Bedwetting is a condition in which an individual accidentally passes urine at night during sleep. It is extremely common among children but can last into the teen years. Bedwetting is often a natural part of the development and most young kids gain bladder control over time without any treatment. Nocturnal enuresis that continues past the age that most kids have bladder control will need treatment. There are numerous bedwetting treatment options that have been extensively studied over many years and which have been found to be very effective and well-tolerated.
A number of self-help techniques are available which may help prevent or at least reduce frequent episodes of bed-wetting. This bed-wetting treatment option includes reminding your child to urinate before going to bed and encouraging him or her to limit liquid intake in the last two hours before bedtime. These techniques can help your child to achieve dry nights. Using cloth underwear and reusable waterproof bedding helps prevent a child from the guilt and shame of wetting the bed.
Motivational therapy involving encouragement and praise for dry nights can have profound positive effects on the self-esteem and self-image of a child. This bed-wetting treatment option includes reward schemes such as token
and reward system; which have been shown to be very helpful in managing bed-wetting. In this scheme, a colorful chart is used to keep track of a child's progress with a gold star for every dry night. At the end of the month, you can present your child with a reward based on his or her performance.

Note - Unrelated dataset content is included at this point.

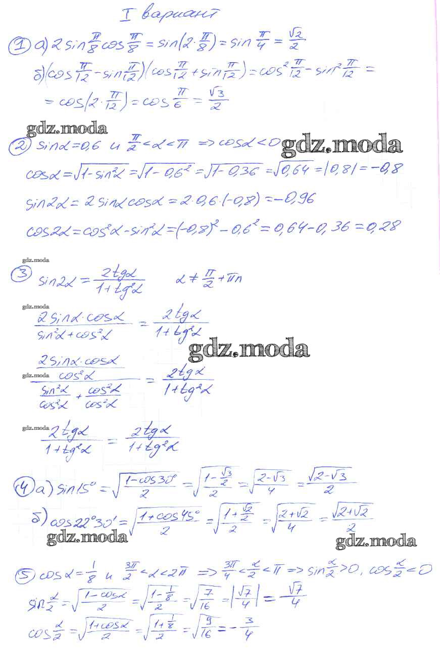 ГДЗ решение к заданию № вариант 1 Алгебра 9 класс Дидактические материалы Потапов М.К. Просвещение 2010 ФГОС бесплатно на гдз.мода!
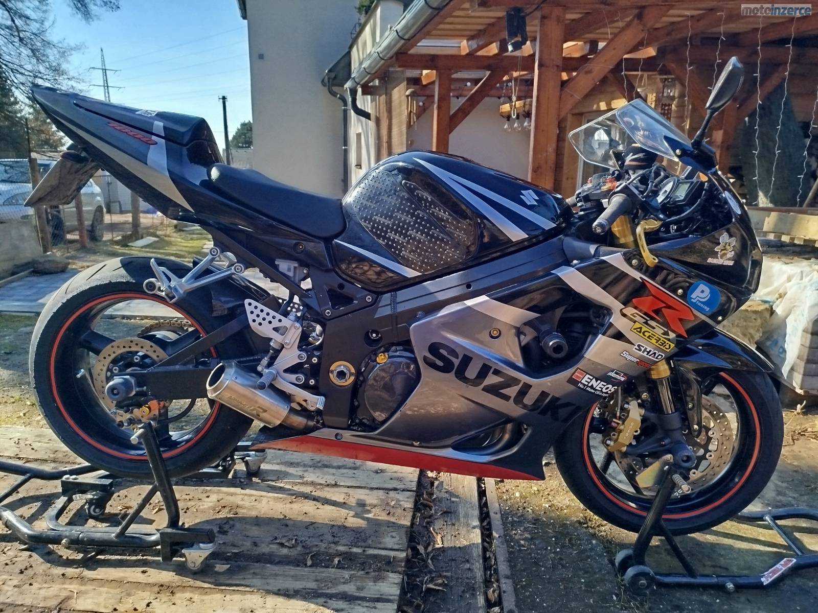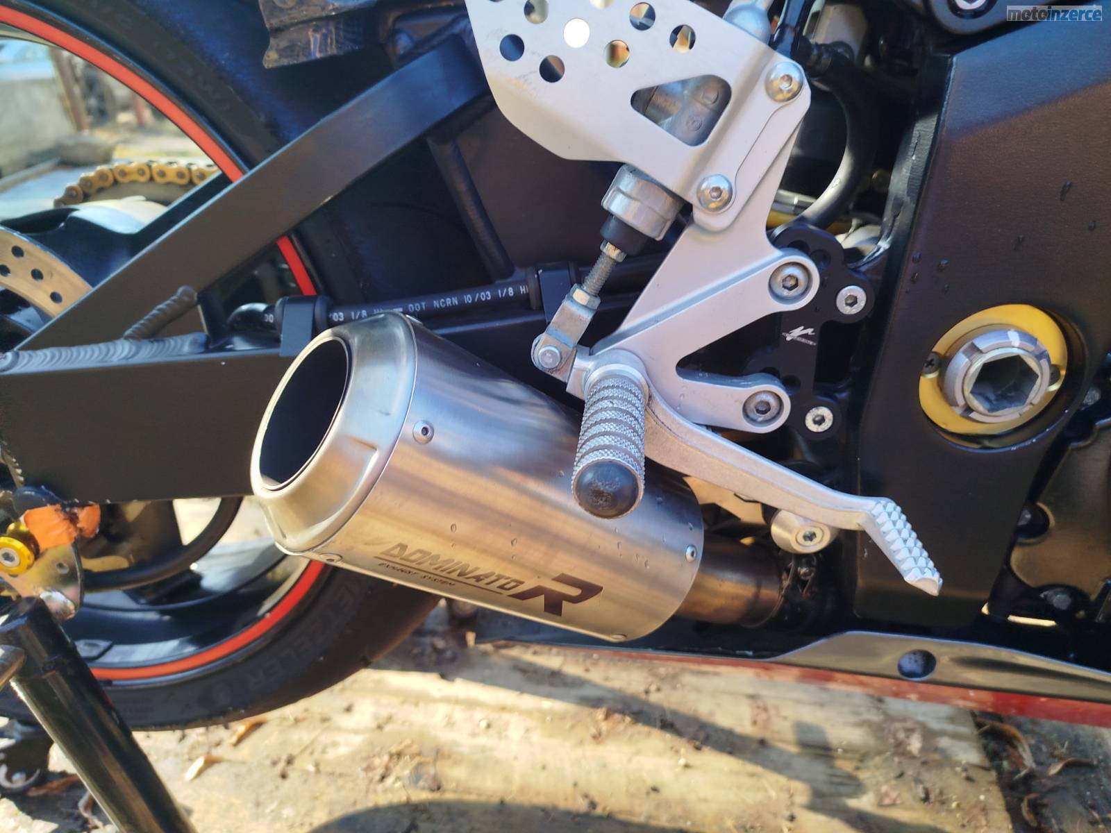 Páčky PP Tuning, pancéřové hadice, karbonové kryty motoru, ukazatel zařazené rychlosti, koncovka Dominátor, Domino plyn, K&N vzduchový filtr, minulý rok servis: repase vidlice, všechny náplně, svíčky, kotouče Brembo Oro, pneu Meltzeler sportec M9 rr,

Behavioural Therapy is among the most effective of all bed-wetting treatments for nocturnal enuresis The aim of behavioral therapy is to teach a bed-wetting sufferer to recognize and respond to a full bladder during sleep. A
bed-wetting alarm (enuresis alarm) can be used to teach a child to wake up whenever he or she starts wetting the bed and go to the toilet to empty the urinary bladder. There are two types of alarm: body-worn alarms that can be
clipped onto the child's underpants, and pad and bell alarms which have a pad connected to a bell or alarm that starts ringing when the pad detects moisture. Generally, behavioural therapy bed-wetting treatment options should
be combined with motivational therapy before trying medication therapy.
No medication cures bed-wetting. They only treat the symptoms. Once the medication is stopped, bed-wetting returns. Bed-wetting medications are available by prescription and parents should consult with a physician on the side effects of this bed-wetting treatment option.
- Desmopressin acetate (DDAVP) which is a synthetic hormone has been shown to be effective in reducing the overnight production of urine. The drug can be taken as a tablet or nasal spray. Desmopressin should be given at bedtime and a child should not be allowed to drink too much fluid before going to bed.
- Imipramine is another medication that has been used successfully for many years to treat bedwetting children. This drug is thought to work by relaxing the muscles of the bladder, thus increasing its capacity and reducing the urge to urinate. Success rates with imipramine have been found to be higher in children older than 7 years of age.
- Anticholinergics drugs such as hyosyamine and oxybutynin help reduce bladder contractions, affecting the time a child can hold urine in the bladder. It is used in combination with desmopressin for treating bed-wetting in children with reduced functional bladder capacity. The reason behind this approach is that the oxybutynin increases nighttime bladder volume and the desmopressin reduces nighttime urine output. For children older than 8 years, the dose of oxybutynin is twice a day.
Bladder training therapy
In this type of bed-wetting treatment, a child is encouraged to hold his or her urine for longer periods of time during the day to put the pressure on the urinary bladder, which in turns strengthens the bladder muscles. The bladder-retention training has been shown to work well when combined with a bed-wetting alarm.
Other bedwetting treatments for bedwetting include psychotherapy, hypnosis, diet therapy, and acupuncture.
They are not proven to be effective in managing bedwetting in those children who suffer from emotional problems and/or obesity.